2ª PARTE
CAPÍTULO 7
O DIA SEGUINTEPássaros lá fora anunciavam a chegada de um novo belo dia, e de fato era, embora o sol insistisse em aparecer, chovia vagarosamente, mas a pluviosidade não parecia ser cruel e violenta, pelo contrário, era uma chuva que lavava a cidade toda e caía com graça, mais vagarosa que o normal, convidando as pessoas a abandonarem seus guarda chuvas e apreciarem aquilo de forma única.
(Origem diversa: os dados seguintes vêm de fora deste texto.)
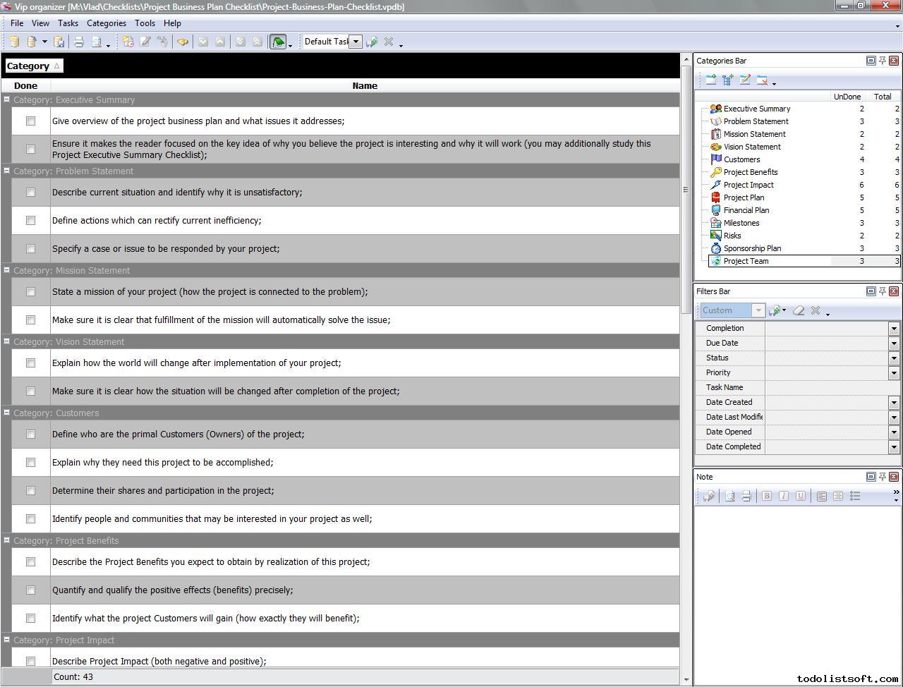 Project Business Plan Checklist

Gabriel já não sabia a quanto tempo estava acordado, mas tinha uma ereção toda vez que fechava os olhos e seus olhos se emaranhavam em lágrimas toda vez que os mantinham abertos. Ele procurava algum personagem na sua memória para se identificar e se auto auxiliar sobre qual seria decisão correta a ser tomada, mas mesmo assim, dentro de sua extensa biblioteca mental, não achou um personagem na literatura que o pudesse servir de guia ou exemplo do que não fazer. Dona Flor e Seus Dois Maridos lhe cruzou a mente, mas ele achou que havia muitos parênteses dentro de sua cabeça e não demorou muito para abandonar essa ideia.
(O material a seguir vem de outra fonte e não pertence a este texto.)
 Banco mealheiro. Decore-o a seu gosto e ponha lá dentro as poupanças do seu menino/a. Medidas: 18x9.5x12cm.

Ele não sabia o queria pensar, seus pensamentos em sua cabeça o enlouqueceria se ele continuasse naquele ritmo, todas as coisas estavam começando a se desmoronar dentro dele, parte de seu corpo queria ir embora e sumir na Europa antes do almoço, porém outra parte queria acordar os outros dois corpos e começar tudo novamente. Ele queria o sexo e os gemidos de novo, estava totalmente confundido com seu corpo agora, já que chorava e mantinha uma ereção ao mesmo tempo, esperando que o travesseiro ainda úmido lhe sussurrasse a resposta para a pergunta que ele nem sabia qual era, até que no ápice da sua loucura um som estranho e horrivelmente familiar o afastava de sua linha de pensamento. Seu celular vibrava dentro de sua calça que estava jogada em algum canto daquele quarto.
Ele ainda não havia recebido nenhuma ligação desde que tinha jogado seu celular com força semanas atrás, mas lá estava ele, engatinhando rapidamente pelo chão se sentindo surpreso e irritado, pois quem quer que estivesse lhe ligando naquele momento, não poderia estar insistindo em momento pior.
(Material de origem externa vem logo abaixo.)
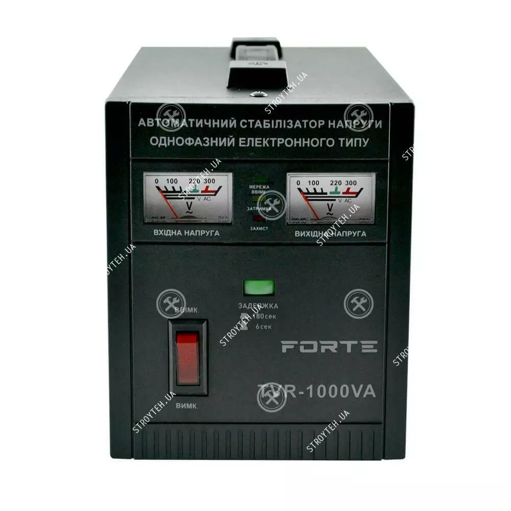 Forte TVR-1000VA Стабилизатор напряжения Стабилизатор напряжения FORTE TVR-1000VA компактное устройство, которое защитит бытовые и промышленные электроприборы от скачков напряжения в сети. Устройство имеет надёжную систему защиты IP 20, благодаря которой может прослужить без сбоев ни один год. Имеется контроль нагрева трансформатора, термозащита и пассивное охлаждение. Использовать стабилизатор можно как дома так и на производстве. Температура воздуха в помещении, в котором находится аппарат, не имеет значения. Он может работать как в жарких, так и в холодных условиях. Крепкий металлический корпус обеспечивает надёжную защиту от повреждений. Максимальная нагрузка на стабилизатор 1 кВА. Преимущества: превосходная система защиты от перегрузки, короткого замыкания и скачков напряжения, индикация входного напряжения производится при помощи аналогового вольтметра, корпус крепки, сделанный из металла, есть система, препятствующая залипанию контактов, компактный размер аппарат поместится в любом помещении и его можно носить с собой.

Gabriel alcançou seu celular, olhou para a tela partida, virou os olhos e respondeu baixinho
- Oi mãe! – Saindo do quarto nu. – Oi... Oi.... Sim, eu sei que faz tempo que eu não ligo – disse ele tentando a interromper, aumentando um pouco mais a voz a medida que se afastava do quarto e se dirigia a cozinha. - Desc... Aham, desculpa eu não ter ligado... eu só.... Eu tô um pouco ocupado agora... Sim, você... Você deixa... Você deixa eu falar? Eu não sei mãe, eu... eu posso te ligar outra hora? Que aparta? Aparta o quê? Mãe... Mãe, eu não tô te ouvindo... Quem? Olha mãe – Disse Gabriel falando alto e vagarosamente na tentativa de se fazer entender em meio a todo aquele barulho e voz fina de sua mãe que falava sem respirar – Eu posso te ligar de volta? Isso... eu vou te ligar de volta depois, aí a gente conversa pode ser? Tá... Tchau mãe, tchau! – E desligou o telefone respirando aliviado, apoiando as mãos na mesa, reparando agora que Aaron olhava para a figura atrás dele abanando o pesado rabo.
- Garoto da mamãe? – Disse Mike, encostado no vão da porta com os braços cruzados o encarando totalmente nu.
Gabriel virou assustado para ele, admirado com naturalidade dele pelado ali na cozinha e só naquele momento percebeu que ele estava despido também.
- É.... eu... – Gabriel não soube colocar as palavras em ordem para formular uma frase, Mike andou na direção dele com aqueles imensos olhos azuis e o beijou ali mesmo, fazendo com que Gabriel encostasse na mesa. Mike, percebeu a reação do seu beijo sobre seu umbigo e com seus braços o ergueu e o colocou sobre a mesa, abrindo suas pernas com sua cintura enquanto o beijava. Gabriel se sentia numa paz inigualável com todos os seus pensamentos longe e seu pênis ereto. Mike beijava seu pescoço e apertava sua cintura contra a sua, enquanto Gabriel se entregava e pedia mais com sua linguagem corporal.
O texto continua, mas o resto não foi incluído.